I have owned two GV’s and for the last year I have owned a Global Express. The GV is a super reliable airplane. No doubt about it. But the comfort of the Global is hands down superior by a long way. If you are in the airplane for 5 to 12 hours per flight. The Global is quieter, rides smoother (nice flexible wing), is roomier and the temperature control is much better as well. This is true of the front and back of the airplane. My captain (he has been with me over 4 airplanes now) commented that he didn’t know he needed feet warmers until he flew the Global and now he doesn’t ever want to go back to an airplane without them. As to reliability. My experience is that you need to have a crew that understands the systems in the Global. It is more automated than the GV. And the issue is not that it is less reliable - it is a lot of crews do not understand the systems well and it causes trouble for the airplane. If your crew knows the systems, it will fly very reliably without issue. There are a lot of avionics computers in the Global. One time we had a no start due to the avionics. The crew just hopped into the avionics bay and re-racked a computer. Everything came online. Took 20 minutes. Other than that, the plane has never failed, because the crew knows it well. All planes break. I was flying out of São Paulo in my last GV and the gear wouldn’t retract. We returned and it took 8 days to get the replacement valve from Gulfstream. Was the only tech AOG we ever had on either GV. But it does happen. It’s just rare. And it is rare on either airplane. They are both very good machines.
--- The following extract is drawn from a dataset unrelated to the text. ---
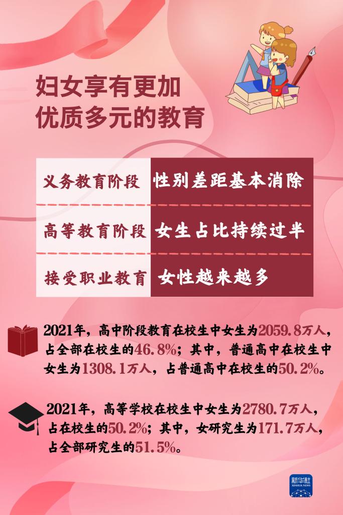 党的十八大以来,党对妇女儿童工作的领导全面加强,妇女参与经济发展的舞台更为广阔,参与决策和管理更加广泛深入,享有更加优质更加多元的教育……新时代我国妇女事业取得了历史性成就,发生历史性变革。

When I upgrade next, will likely go to the Global 6000. But we just did the paint, full avionics, interior, CMS and the 240 plus gear on this one. So will fly it for a while before jumping to a newer airframe. Love the content on this channel by the way.
Customer Support has been Bombardier’s biggest downfall over the past 25 years. They were #1 in ProPilot’s surveys during the 1990s and have steadily declined since then. The Global is a great airplane, hopefully the manufacturer will return to their ‘90s level of support. Their future depends on it.
As I always say: people that buy private jets are really buying time, not a plane. This means that an OEM have to have a super-supportive customer service department to fix planes quickly when they go tech and keep their clients flying, hence giving them more time. This is so simple and common-sense but I feel that in today's world, common-sense is no longer common...
Good to see such comparos Fab, thanks. Would be interesting to see comparo between ACJ220 & Global 7500 as both are designed by Bombardier & fall in similar list price bracket.